Friday, February 20, 2009

Media and Information Overload


Here are some treats from the Columbia Journalism Review. One of our tasks in this class is to consider not just how media impact messages--things we may wish to say or hear--but how media impact us, our thinking, and our relationships with other human beings.
The video clip below is a short description of the research Maggie Jackson is doing on our ability to pay attention to the world around us. Watch the clip and consider two different ways we can apply our mental energy: in a focused, precise way, or in a diffuse and complex way. We can think of it as the difference between meditation and multi-tasking.
The structure of digital media and the aggressive way advertising solicits our attention pulls our mind into a natural state of diffusion--our thoughts change rapidly, and no thought remains very long.
The above photo: Scientists quantifying the mental energy of a Buddhist monk meditating. source: TheBuddhistblog.blogspot.com

Monday, February 9, 2009

Ad Analysis Assignment

I've posted today's slides on Blackboard that deal with Wednesday's Ad Analysis assignment and the Radio as a Medium slides.

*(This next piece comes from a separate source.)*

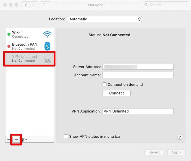 بعد ذلك ، انتقل إلى System Preferences (تفضيلات النظام) >  Network (الشبكة) وحدد ملف تعريف VPN Unlimited ، وانقر لحذف هذا التكوين.

The Ad Analysis is pretty straightforward if you just follow the format below:


1. Description:
–The medium of the ad (TV, print, radio, web...)
–The source of the ad (the TV station, or magazine, for example)
–All the elements that help tell the story of the ad
•Music (happy, sad, vocal, instrumental, genre….)
•Visual images (what objects, what style, colors…)
•Text (including fonts, size, location, information…)

2. Analysis
–Why is it constructed the way it is (how does the design of the ad help persuade the audience)
–Who is the targeted audience
–What is the argumentation form
•Logos (logical argument providing evidence)
•Ethos (persuasion based on someone’s reputation)
•Pathos (persuasion based on an emotional appeal)

3. Evaluation

–How well do you think the advertisement worked?
–Is the argument persuasive?
–What were the specific strengths of the ad?
–What could be improved?

Monday, February 2, 2009

More Resources


Once you open the floodgates to a topic like independent media--individuals telling their stories through film, radio, animation, music, and on and on--then it can be hard to stop passing along more material. Take a look below at a few sites which will not only give you access to great storytelling (and much of it by young adults), but the resources to create your own stories.


Everyone in this class has a compelling story to tell--one that would make us stop and think quietly about it, or would double us over in laughter, tears, or both--most likely both.


The world will be a better place to the extent that you tell these stories.


Your production assignment can be about anything. And it's just your next step in a longer series of stories to tell.